Hi Let's Encrypt team,
We are currently investigating repeated ACME CAA validation failures during certificate issuance for a large SAN certificate (~46 SANs) being processed through Akamai CPS using Let's Encrypt.
The errors returned are intermittent SERVFAIL responses during CAA rechecks at finalization time, for example:
"Error finalizing order :: rechecking caa: While processing CAA for app.env.example-domain.io: DNS problem: SERVFAIL looking up CAA for example-domain.io - the domain's nameservers may be malfunctioning"
Current observations:
- Authoritative DNS is hosted on AWS Route53.
- Manual and repeated direct authoritative queries consistently return NOERROR responses.
- DNSSEC validation currently appears healthy.
- Multiple public resolvers (8.8.8.8 / 1.1.1.1 / 9.9.9.9) return healthy responses.
- We performed repeated direct authoritative CAA checks (hundreds of queries across all NS) without reproducing SERVFAIL or timeout behavior.
- Force Early Renewal and re-submission attempts have already been performed multiple times.
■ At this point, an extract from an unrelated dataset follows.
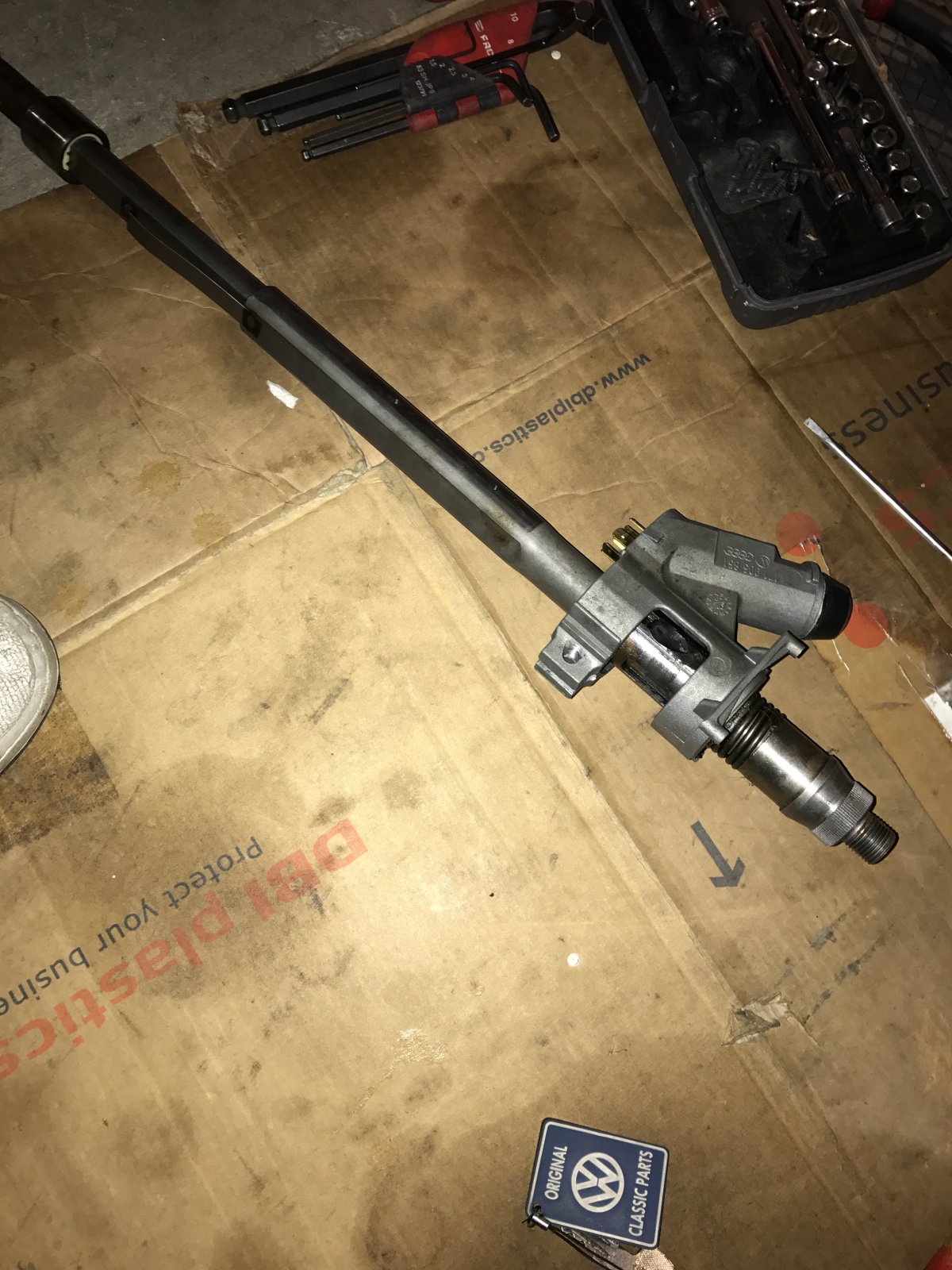 j'ai dévissé l'écrou qui tient la colonne à la rotule de direction, et tenté de tirer sur le volant pour faire sortir la colonne. Evidemment, ça ne vient pas :)

- We also tested issuance/renewal for another certificate using the same DNS infrastructure, and that validation completed successfully.
Example successful responses observed during testing:
dig @ns-xxxx.awsdns-xx.net CAA example-domain.io
;; ->>HEADER<<- opcode: QUERY, status: NOERROR
dig @ns-yyyy.awsdns-yy.com CAA app.env.example-domain.io
;; ->>HEADER<<- opcode: QUERY, status: NOERROR
Repeated validation loops across all authoritative NSes also consistently returned NOERROR responses without SERVFAIL, REFUSED, or timeout conditions.
We understand that Let's Encrypt validators are globally distributed and validation behavior may differ from localized manual testing.
We wanted to check whether:
- there are known intermittent resolver behaviors or validation edge conditions that could explain transient SERVFAIL during distributed CAA rechecks,
- whether large SAN counts could contribute to distributed resolver edge behavior,
- or whether there is any additional visibility recommended for troubleshooting cases where authoritative DNS appears healthy but Boulder intermittently receives SERVFAIL responses.
Any guidance would be appreciated.
Thank you.